In this article, we discussed a problem: How to reverse a linked list in O(n) time complexity means in single traverse. In this, we are using the Singly LinkedList.
In order to reverse the linked list, we traverse the linked list and change the pointers address between two nodes which are adjacent to each other. Suppose we have below list:
Example: 1⇒ 2 ⇒ 3 ⇒ 4 ⇒ 5.
As per the above list, node 1 having the address of node 2, node 2 having the address of node 3, node 3 having the address node 4 and so on. But last node 5 having null on address part.
After reverse, it becomes 1 ⇐ 2 ⇐ 3 ⇐ 4 ⇐ 5.
Now the node 5 having the address of node 4 which is earlier null and the same way node 4 having the address of node 3 where we earlier have node 5 address, node 3 having the address of node 2 where we have node 4 address and node 1 null on address part.

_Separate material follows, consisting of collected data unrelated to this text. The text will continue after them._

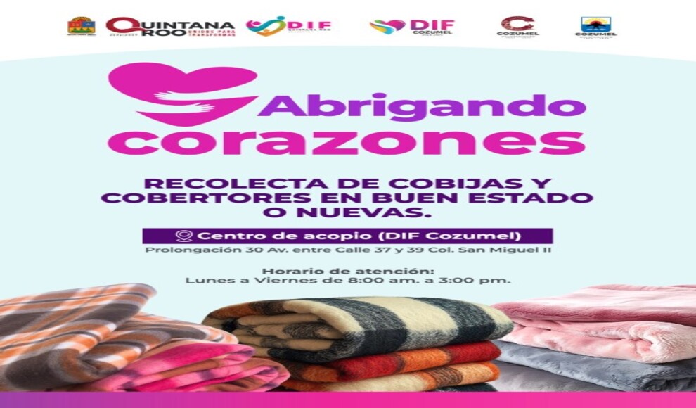 “Abrigando Corazones” recibe cobijas y cobertores nuevos o en buen estado en las instalaciones del DIF Cozumel, ubicadas en Prolongación 30 Av. entre calles 37 y 39, colonia San Miguel II, en un horario de atención de lunes a viernes de 8:00 a.m. a 3:00 p.m. Todo lo recaudado será entregado a personas adultas mayores, niñas, niños y familias en situación prioritaria.
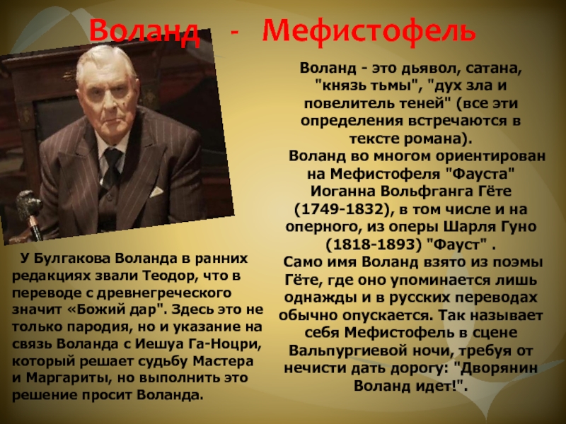 Воланд во многом ориентирован на Мефистофеля "Фауста" Иоганна Вольфганга Гёте (1749-1832), в том числе и на оперного, из оперы Шарля Гуно (1818-1893) "Фауст" .
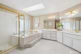 Rare opportunity in desirable Highpointe neighborhood. You will love living here! Spacious 5 bed 2.5 bath, 2820 sq ft home with multiple living areas includes bedroom on the main floor (or use as office). As you enter, you’re greeted by the spindle staircase, real hardwoods and dramatic vaulted ceiling. Formal living and dining rooms feature wainscoting, crown molding, coved ceiling in the dining room, brand NEW carpeting and a cozy fireplace. Large eat-in kitchen has granite countertops, SS appliances, island with gas cooktop, tons of cabinet space and opens to the family room with a stunning fireplace makeover! Laundry room & updated powder room complete the first floor. The sizeable primary suite features a charming bay window nook with built-in seating and magnificent chandelier. The 5-piece ensuite features TWO walk-in closets, soaking tub, separate shower, large vanity and new tile flooring. Three additional good-sized bedrooms and a full remodeled bath with quartz countertop,
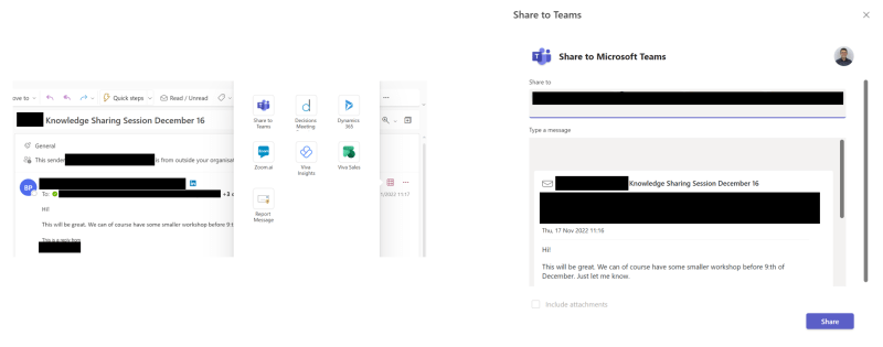 From the screenshots above (where I have redacted some details) you can see the view on the left is from an email where you can access the Share to Teams Add In (this view is from Outlook Web App – it might be slightly different in the Outlook client). On the right is what pops up so you can select who to share it to. It automatically suggests recipients of the email but then if you go into the Share To field, you get suggestions from recent Teams chats or you can search and find the right chat (group or individual).

Below is the code sample in Java using iterative approach:
Node reverse(Node node) {
Node prev = null;
Node curr = node;
Node next = null;
while(curr != null) {
next = curr.next;
curr.next = prev;
prev = curr;
curr = next;
}
node = prev;
return node;
}
After reversing the linked list, the head is pointing to node 5.
Reversing the linked list with below:
Time Complexity: O(n)
Space Complexity: O(1)